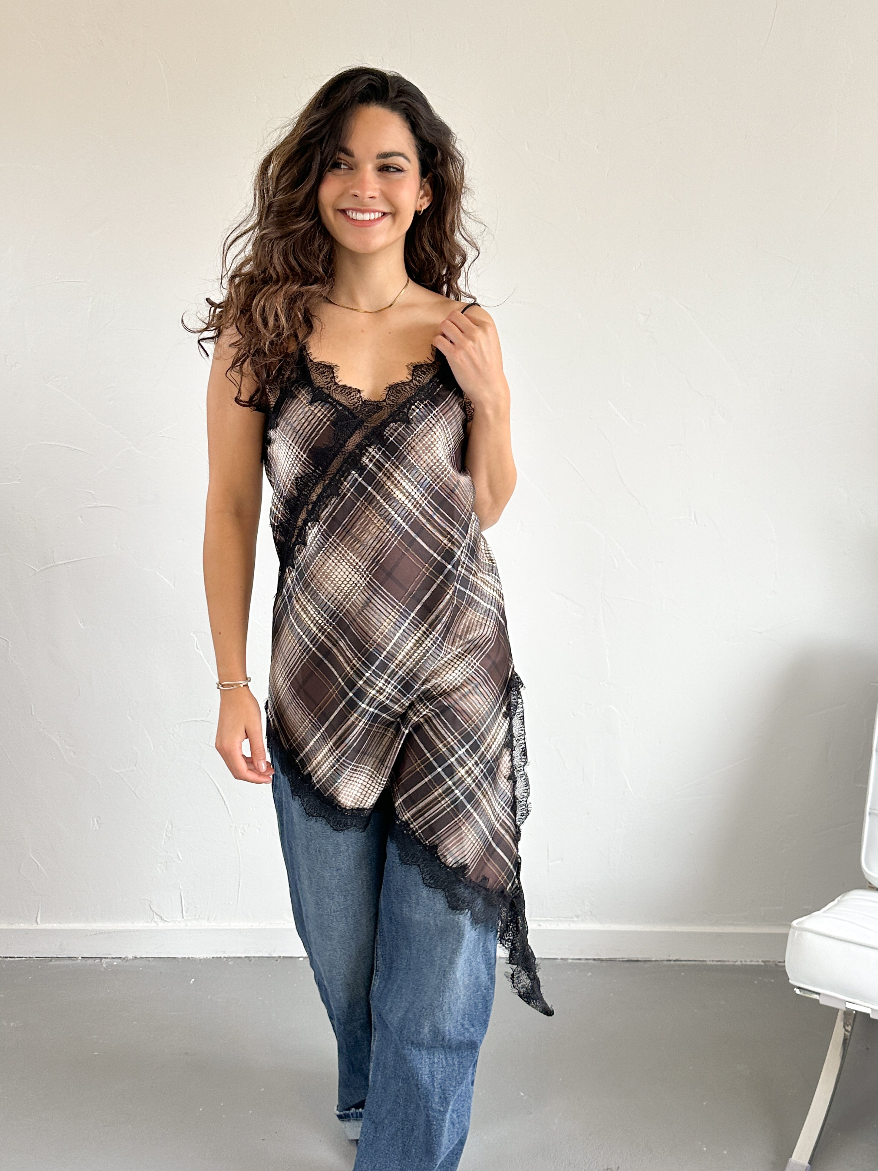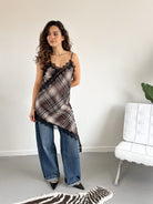Deze geruite jurk met kanten details is allesbehalve standaard. De combinatie van het ruitpatroon en het subtiele kant geeft de jurk een speelse, feminine look. De asymmetrische onderkant zorgt voor een unieke twist en laat de jurk mooi bewegen. Perfect voor een dagje uit of een etentje — deze jurk is een echte eyecatcher! ✨💋
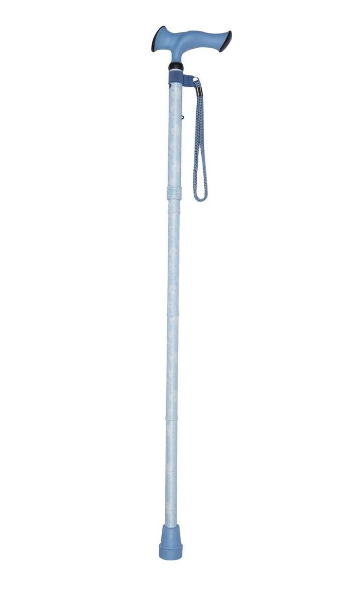 Fashionable, functional and foldable. This strong and convenient height adjustable folding walking stick folds into 4 sections and simply adjusts to the correct height.
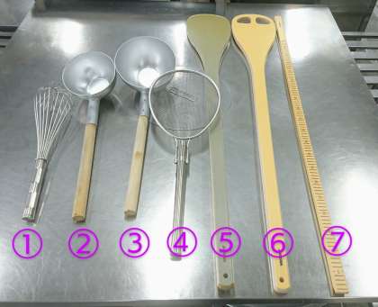 給食室では調理をする時に色々な道具を使います。
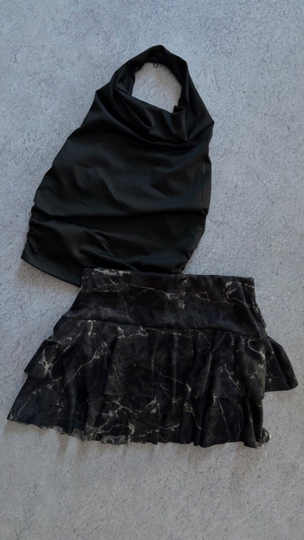 mini de morley estampada con volados. tiro medio/alto y elastizada. talle unico va para S/M

++++++++++++++++++++

● **EXERCISE INSTRUCTIONS**
Each line of the listing above belongs in the answer exactly as written; the pictures do not.

● **SOLUTION FOR THIS PROBLEM**
Deze geruite jurk met kanten details is allesbehalve standaard. De combinatie van het ruitpatroon en het subtiele kant geeft de jurk een speelse, feminine look. De asymmetrische onderkant zorgt voor een unieke twist en laat de jurk mooi bewegen. Perfect voor een dagje uit of een etentje — deze jurk is een echte eyecatcher! ✨💋
 Fashionable, functional and foldable. This strong and convenient height adjustable folding walking stick folds into 4 sections and simply adjusts to the correct height.
 給食室では調理をする時に色々な道具を使います。
 mini de morley estampada con volados. tiro medio/alto y elastizada. talle unico va para S/M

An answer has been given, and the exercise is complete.